Now let's turn our attention to GDPR at a macro level. What would you wish were different in the articles and in the way it has been enforced across nation states?
“One thing I can't explain is why private companies and government institutions are treated differently when it comes to sanctions. The incentive to follow the rules are in my opinion skewed in favour of public institutions who are less punished if things go bad. Why? I do understand that for public institutions, potential bigger fines will end up being paid by the citizens, which is of course not fair. So I do see the dilemma, but the Danish Dataprotection Authority has other tools too which I haven't seen used - at least so far. ”

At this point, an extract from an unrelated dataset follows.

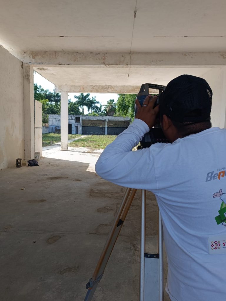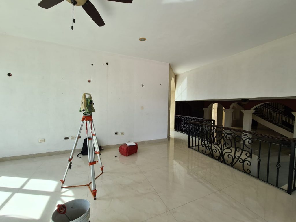 Un topógrafo profesional con camisa blanca de manga larga con logotipos (como el de Geoland) y gorra opera una estación total en trípode en el interior de una habitación con paredes de piedra y yeso rústicas y desgastadas.

“Coming back to my point made earlier, I miss a deeper focus in our communication on why we implement these rules in the first place - that GDPR is a basic human right. I wish that the EU and the different nation states had spent more time communicating the importance of that. Instead we spend time talking about rules we need to follow. Data ethics could and should be more present in the debate and in the implementation of the rules. Otherwise we risk that GDPR becomes this annoying checklist you need to complete, and it all becomes very superficial and insincere.”
Allright Lyng. It is time to finish. But before we round off. What is the best advice you can give to a new DPO?
“Great question. I think the key lies in good communication and great stakeholder management. It's not a one man's show. Avoid thinking in rules we need to follow. But focus on the overall storytelling and how the rules can actually help the different people inside the organisation achieving their goals and thus the overall business goals. So a focus on communication and the right framing. That's probably the best advice I can give. The rest is merely a matter of technicality.”
On behalf of the entire Cleardox team, we sincerely thank Lyng and the Emento team for her story and the willingness to share it with us.